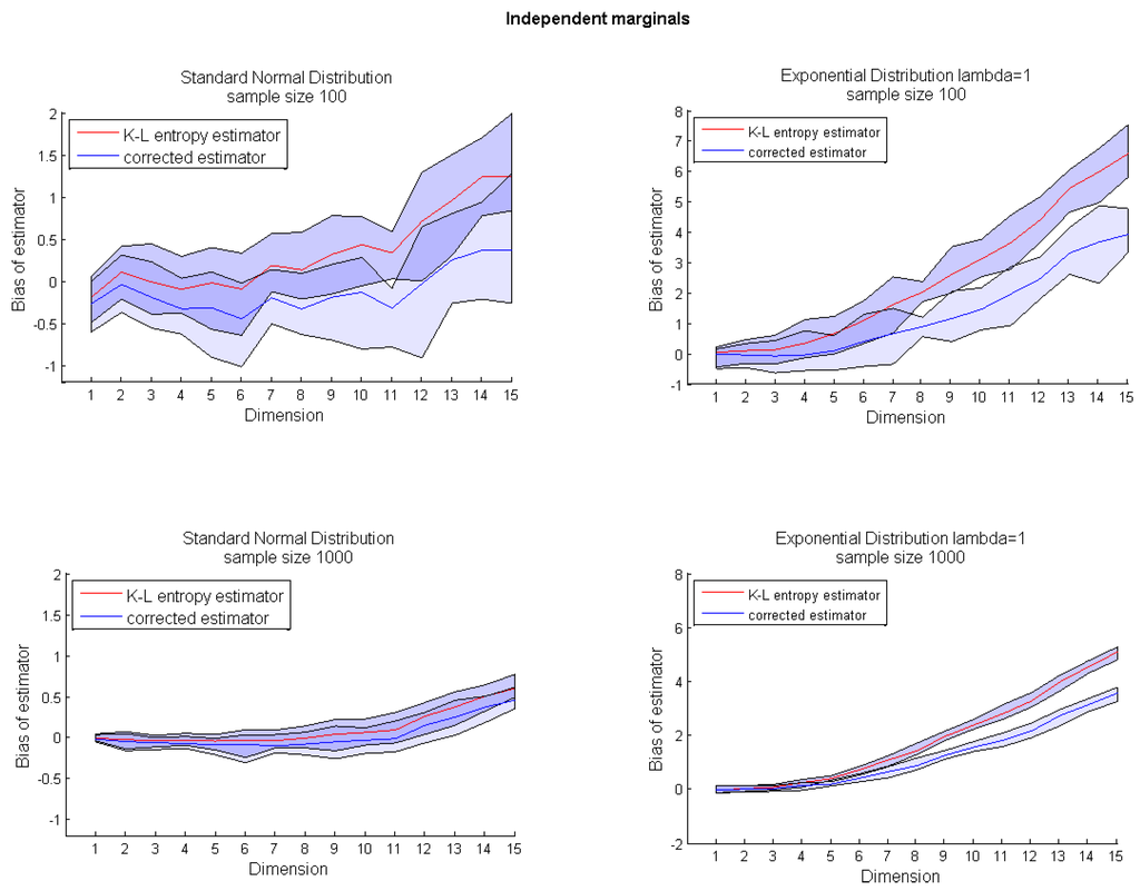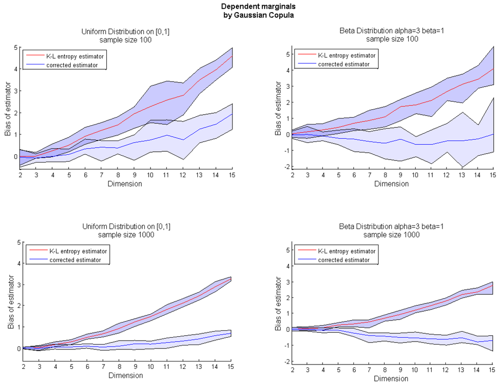 The dependent marginals case is much more realistic in many applications, e.g., for sensitivity analysis in systems biology. We decided that the dependency structure between marginal distributions by means of an appropriate copula is flexible enough to model various dependencies between model parameters. Moreover, the controlled dependence structure allows one to calculate the real estimated entropy value and to estimate the bias of an estimator [23]. It occurred that in the case of dependent variables, the accuracy gained by the corrected estimator is as significant as in the case of independent marginals. Improvement of the k-nn estimator was tested for samples from multivariate distributions with marginals supported on a bounded interval, i.e., uniformly distributed on interval [0,1] and non-uniformly distributed on interval [0,1] (beta marginals); cf. Figure 5 and Figure 6.
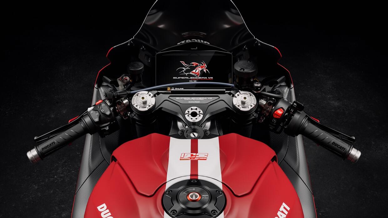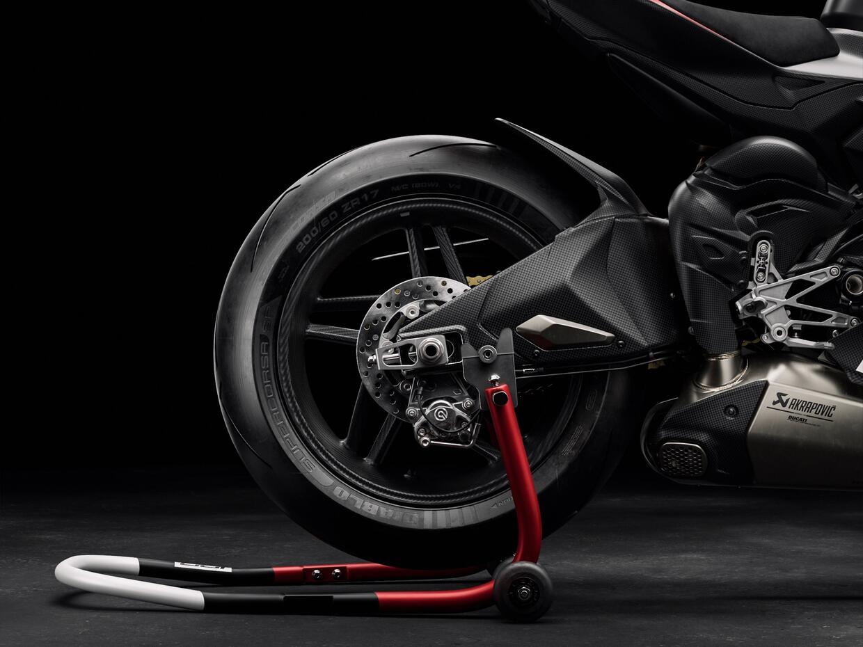 Tutto è pensato per cercare di contenere il peso, in linea con la filosofia di una moto che non a caso si chiama Superleggera: i cerchi a cinque razze hanno permesso di risparmiare 300 g rispetto a quelli della Panigale V4 S Carbon, il telaietto anteriore pesa 200 g in meno e il monoscocca posteriore addirittura 1,4 kg in meno.
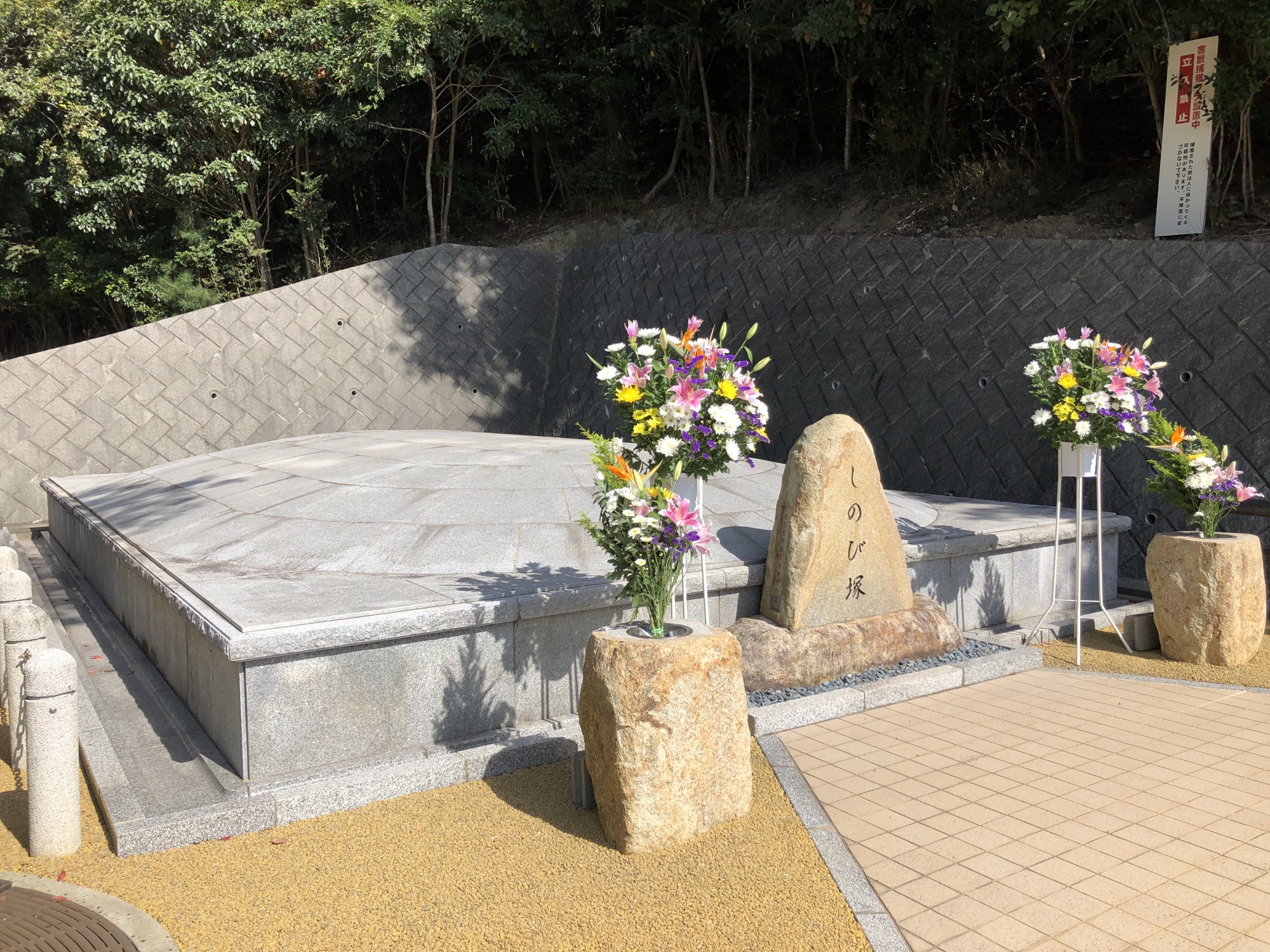 しのびづか公園:昔は死亡しても町の火葬場は紫陽させてもらえず、園内に火葬場があっったそうで、ここは、愛生園との共同利用だったそうです。そこに残骨が納められています。さらに胎児等の標本が49体見つかった(2002年)ことを受けて、その胎児等の鎮魂のために、慰霊の碑が出来て、自治体より花を絶やさないように、とのことだそうです。
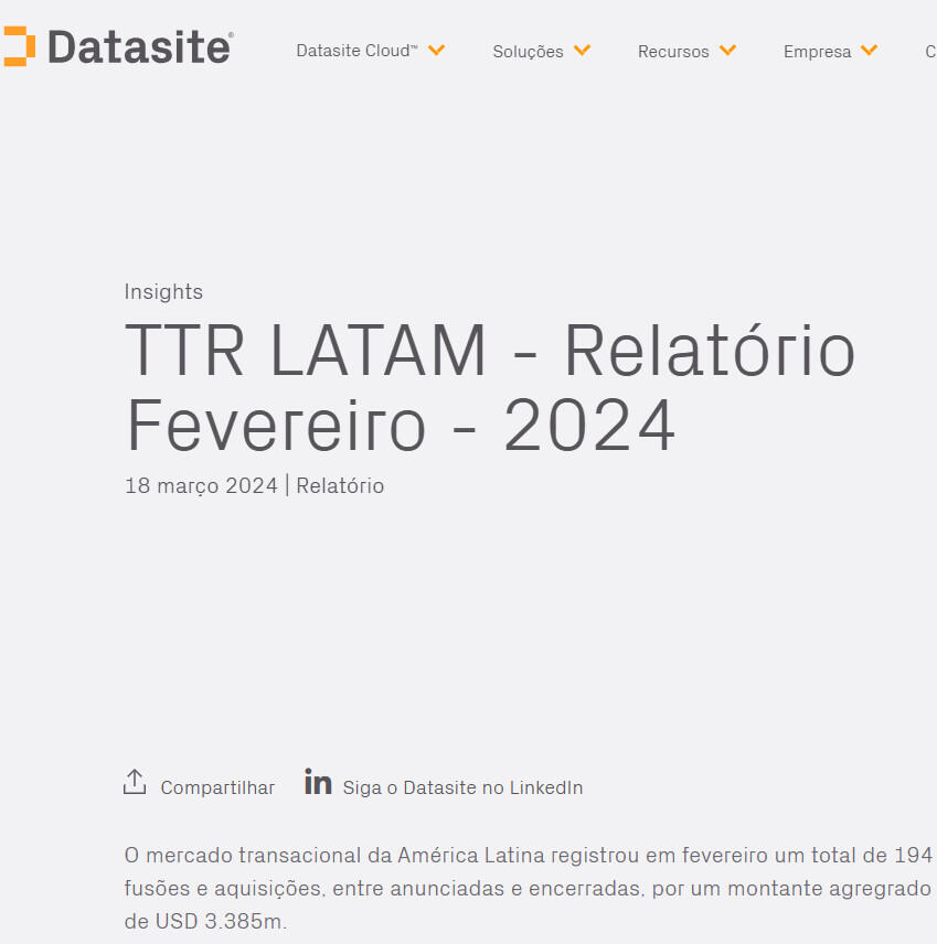 O mercado transacional da América Latina registrou em fevereiro um total de 194 fusões e aquisições, entre anunciadas e encerradas, por um montante agregrado de USD 3.385m.
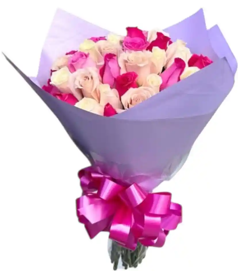 BOQUET CON 50 ROSAS SURTIDAS , PAPEL DECORATIVO , MOÑO , TARJETA PERSONALIZADA .
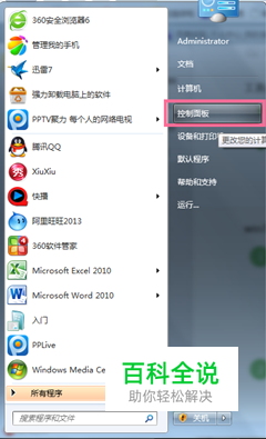 点击电脑的开始图标在进入电脑的《控制面板》界面。
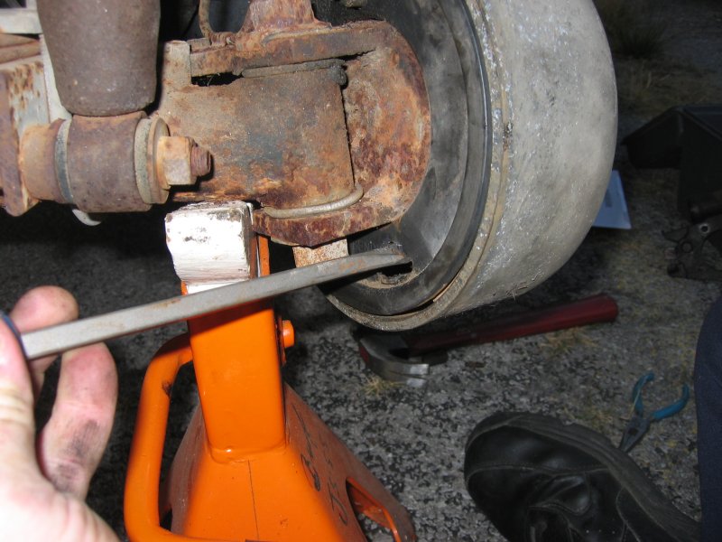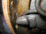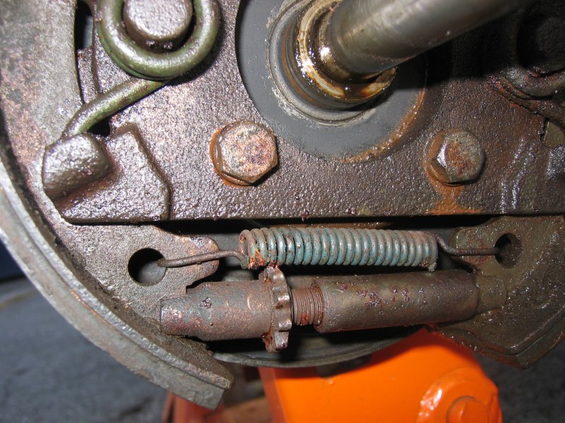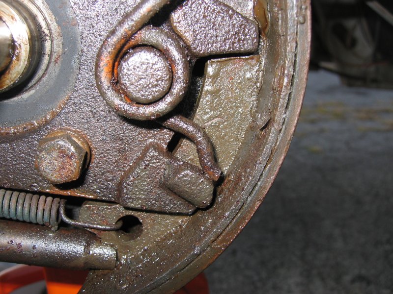 | Turning the Adjuster | The front assembly "as-found" Note carefully the placement of the shoe retractor hairpin springs. Note that the left and right springs are slightly different. Don't mix them up. | |||||||||||||||||
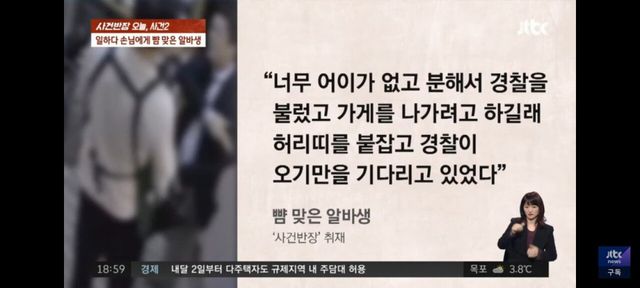 손님에게 뺨 맞은 알바생 …
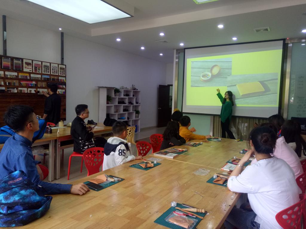 下午一点半,家长带着小朋友们陆续来到了鞋靴实验室。活动开始,大家在手工老师的带领下进入了教室。在正式制作之前,同学们给大家分配了原材料、工具,还详细讲解了制作手工皮具工艺流程。 正式开始制作,经过同学们的教学,家长和小朋友们使用各种工具经过不断地摸索和尝试,很好的制作出了属于自己的手工卡包。

• _Your goal_
Exactly as written, give again every line from the one containing "손님에게 뺨 맞은 알바생 …" through the last line of the material, both included, with the pictures left out.

• _Solution below_
 손님에게 뺨 맞은 알바생 …
 下午一点半,家长带着小朋友们陆续来到了鞋靴实验室。活动开始,大家在手工老师的带领下进入了教室。在正式制作之前,同学们给大家分配了原材料、工具,还详细讲解了制作手工皮具工艺流程。 正式开始制作,经过同学们的教学,家长和小朋友们使用各种工具经过不断地摸索和尝试,很好的制作出了属于自己的手工卡包。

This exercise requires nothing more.